More sea water made its way into my mouth.

Cold Otherside brushed my face.

“Nate, am I ever glad to see you,” I said as a ghostly grey form coalesced beside me.

It wasn’t Nate. It was Gideon, sitting cross-legged above the water. He smiled at me. “It strikes me that you’re in a bit of a fix.”

“I’m kind of busy here, ghost. What do you want?”

“Interesting way to banish a poltergeist,” Gideon continued. “But after sending Anna back, how exactly did you intend to untie yourself?”

I glared at him. “I delivered your message to Max.” The knot slipped through my fingers again. I swore.

“It’s a tough knot to untie, not to mention the hypothermia setting in.” He glanced around the pier. “I suppose you could scream some more. Someone might hear you and care. If you hadn’t overdone the Otherside when you banished Anna, your attempt to call your ghost might have worked better.”

“Spit it out,” I growled.

“I appear to be the single being on this beach who can help you.”

Another small wave hit me and I swallowed salt water. “What do you want to untie me?”

His smile widened.

“I’m about to drown here.”

He shrugged, still smiling.

Water lapped to my lips. I tilted my head up.

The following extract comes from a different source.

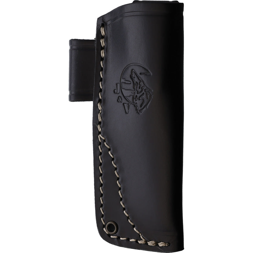 6.5" (16.51cm) overall. 3" (7.62cm) satin finish MV-58 stainless blade. Black sculpted micarta handle. Full, extended tang. Lanyard hole. Red liners. Black leather belt sheath. Boxed.

“I do believe you’ve lost your window to scream for help,” Gideon said. “Not unless you want to fill your lungs with water. Are you going to hear my offer or not?”

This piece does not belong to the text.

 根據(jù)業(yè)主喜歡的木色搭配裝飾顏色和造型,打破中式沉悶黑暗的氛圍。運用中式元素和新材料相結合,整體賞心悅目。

I nodded. What felt like ice-cold breath hit my face as Gideon leaned closer to me.

“You don’t even have to accept,” he whispered. “I’ll still untie you. All you have to do is agree to listen. That’s
all
.”

I nodded again.

Gideon grabbed me by the front of my jacket and lifted me as high out of the water as the ropes allowed. I took a deep breath.

“My deal is this: I’ll teach you how to see Otherside
without
linking through the barrier. No more nausea, no more Otherside hangovers, no sweats. In return, all you need to do is run the odd errand for me.”

“What kind of errand?”

“The odd message, picking up the odd payment. Nothing that would contradict your laws above ground or underground.”

I noted he didn’t say his errands wouldn’t contradict my morals.

“Besides,” he added, “I’m sick and tired of watching you stumble through any and every situation tapping the Otherside. It borders on obscene. I’m amazed you’re still standing.”

I took another deep breath as Gideon waited for my answer. I can’t say I wasn’t tempted. But frankly, drowning right now would be better than being indebted to a monster. I shook my head. “No deal. Now let me go.”

I expected rage. Gideon only shrugged. “Well, I can’t say I’m not disappointed, but a deal is a deal.”

The ropes loosened. I tried to stand, but my legs were too cold and numb to feel the bottom. I slipped under the water.

Gideon grabbed the front of my jacket and hauled me back up so I could breathe. “One thing you’ll learn about me, Kincaid, is that I
never
break my word.”

He towed me by the collar of my jacket—none too gently, I might add—out of the water and onto the beach.

When he let go, I rolled onto my stomach and heaved up the sea water I’d swallowed.

Gideon’s voice floated to me. “I remember the living being a lot harder to kill. You’re all right?”

I nodded.

“Good. Let me know when you’ve changed your mind about my offer, and try not to put yourself in a position to get killed again.”